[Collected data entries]
--

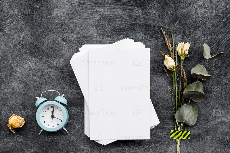 Модный фон канцелярских товаров на черном - блокнот, наклейки, будильник и цветы
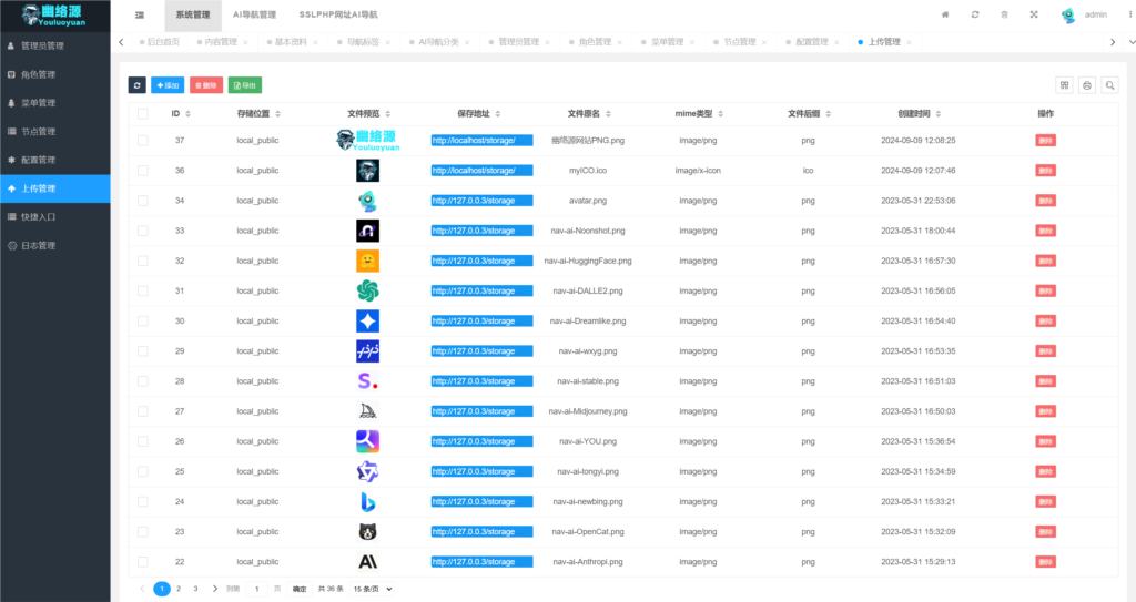 .env文件以及config文件夹下的database.php文件,将数据库连接信息替换为您自己的数据库配置。 - 后台管理:
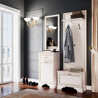 Тумба для обуви гармонично сочетается с вешалкой для одежды. Благодаря модульности коллекции «Сиена» вы можете дополнить ее другими предметами и создать свою неповторимую композицию для прихожей.
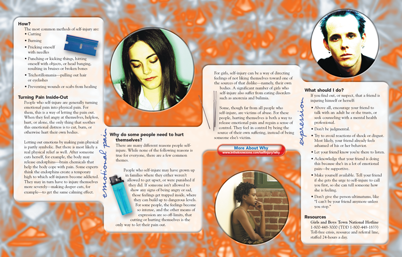 The pamphlet explains the reasons people self-injure and provides extensive suggestions for approaching a friend or family member you suspect of self-injuring.
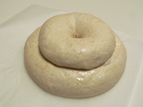 4. Oil the scraped out mixing bowl, and return the dough to it. Cover with cling film and allow the dough to rise for about 1½ hours at room temperature. If it rises too fast, knock the air out of the dough halfway through. Reinhart’s recipe specifies letting the dough prove for 2 hours, but mine was rising too quickly for that. Once the final dough is double its original size, it’s good to go.
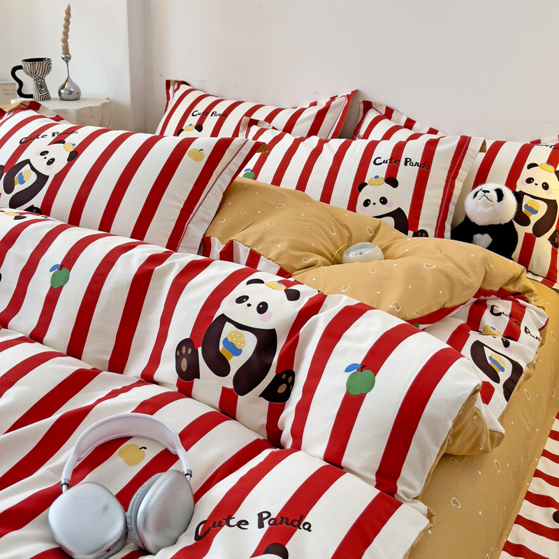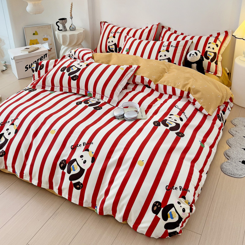 商品名称:乐童2024新款直播爆款13070纯棉印花吊边款一字绣四件套 熊猫家族
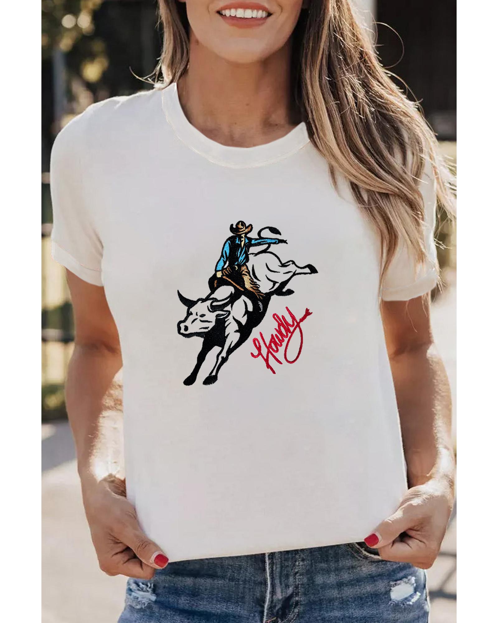 White Cowboy Howdy Embroidered Western Fashion T Shirt – XL
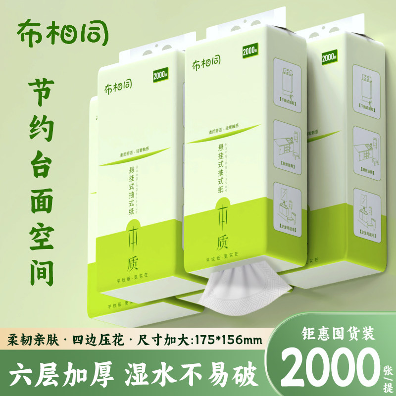 📚 布相同【2000张悬挂式纸巾】家用抽纸四边压花面巾纸商用整箱批发

--

● **PROBLEM STATEMENT**
Produce a verbatim copy of all records, minus pictures.

● **RESPONSE AREA**
 Модный фон канцелярских товаров на черном - блокнот, наклейки, будильник и цветы
 .env文件以及config文件夹下的database.php文件,将数据库连接信息替换为您自己的数据库配置。 - 后台管理:
 Тумба для обуви гармонично сочетается с вешалкой для одежды. Благодаря модульности коллекции «Сиена» вы можете дополнить ее другими предметами и создать свою неповторимую композицию для прихожей.
 The pamphlet explains the reasons people self-injure and provides extensive suggestions for approaching a friend or family member you suspect of self-injuring.
 4. Oil the scraped out mixing bowl, and return the dough to it. Cover with cling film and allow the dough to rise for about 1½ hours at room temperature. If it rises too fast, knock the air out of the dough halfway through. Reinhart’s recipe specifies letting the dough prove for 2 hours, but mine was rising too quickly for that. Once the final dough is double its original size, it’s good to go.
 商品名称:乐童2024新款直播爆款13070纯棉印花吊边款一字绣四件套 熊猫家族
 White Cowboy Howdy Embroidered Western Fashion T Shirt – XL
 📚 布相同【2000张悬挂式纸巾】家用抽纸四边压花面巾纸商用整箱批发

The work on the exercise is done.